If we do our jobs with the media company, the media company is going to be doing the customer acquisition for these software products or services products we’re building… in an ideal world, that means those products have negative CACs.
Evolution of Every
This sort of product incubation business wasn’t always the objective, though. Before Every, there were two newsletters: Superorganizers, which Shipper wrote, and Divinations from Baschez. They then merged those newsletters into the Everything Bundle on Substack in early 2020. Fast forward 12 months, and the Everything Bundle had turned into Every with eight different newsletters. As Shipper explained:
When we launched Every, it was a bundle of different newsletters and the theory was that we could bring a bunch of business writers together and find a way to build a publication where there were a bunch of different voices involved that allowed people to write together, but also respected the new economics. And the structure we came up with was that everyone had their own newsletter. We bundle under one price and split profits and everyone had their own list and could leave at any point.
However, they found that this individual newsletter bundle wasn’t a viable model. “We built a couple of newsletters that were really scaled,” Shipper explained, but many writers only wrote a few times a month. “The number of people who actually can do the thing, want to do the thing, and can do the thing every week, especially in business writing, is so small,” he said.
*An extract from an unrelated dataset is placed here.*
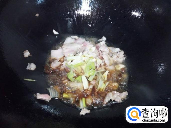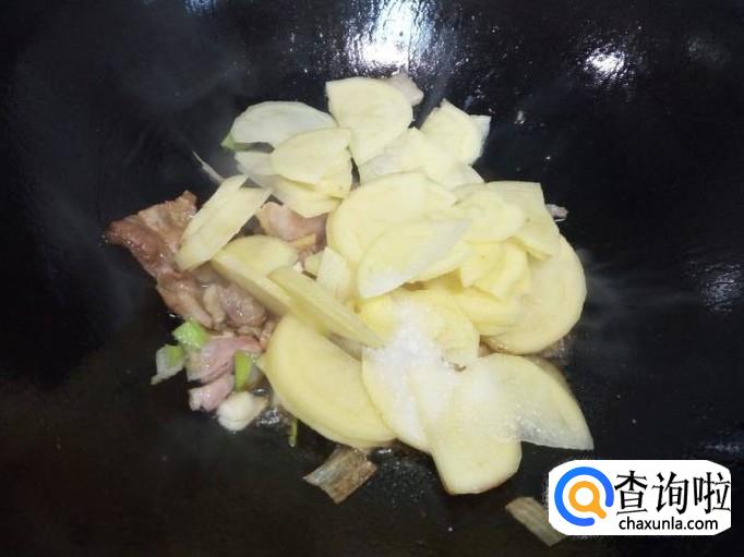 炒至肉片下油,颜色微白,放入料酒,酱油,葱,姜,蒜,翻炒。随即放入土豆片翻炒,放入盐,滴少许醋。

The team found that they were splitting resources across several newsletters, and it wasn’t like resources were flush, having raised a small pre-seed round. So, Shipper opted to pivot the brand to a single newsletter with multiple columnists. In October 2023, they hired Kate Lee, formerly the publisher of Stripe Press and head of content at Medium, as the editor-in-chief and general manager of the newsletter.
Another issue Every encountered was its continued top-of-funnel growth. “After the Twitter algorithm changes, we’re seeing less traffic,” he said, “which has slowed subscription rates.”
However, the business is still growing. Shipper explained that it generated low seven figures in revenue last year. “We aim to be breakeven because we are in a growth phase. We try to do as much as we can while also being pretty conservative with the kind of growth you can expect from a media company,” he said.
The bulk of the revenue is derived from subscriptions and course sales. It had a small ad business that fell off the cliff when the ad markets turned. However, Every has a new podcast called How Do You Use ChatGPT, which has gained quite a bit of sponsor interest.
Their ambitions are big for a small team—only five full-time members. Pulling off a software business is lofty, but focusing its development on products its current paying audience might want is a smart first step. However, whether those become nice revenue drivers or massive businesses remains to be seen.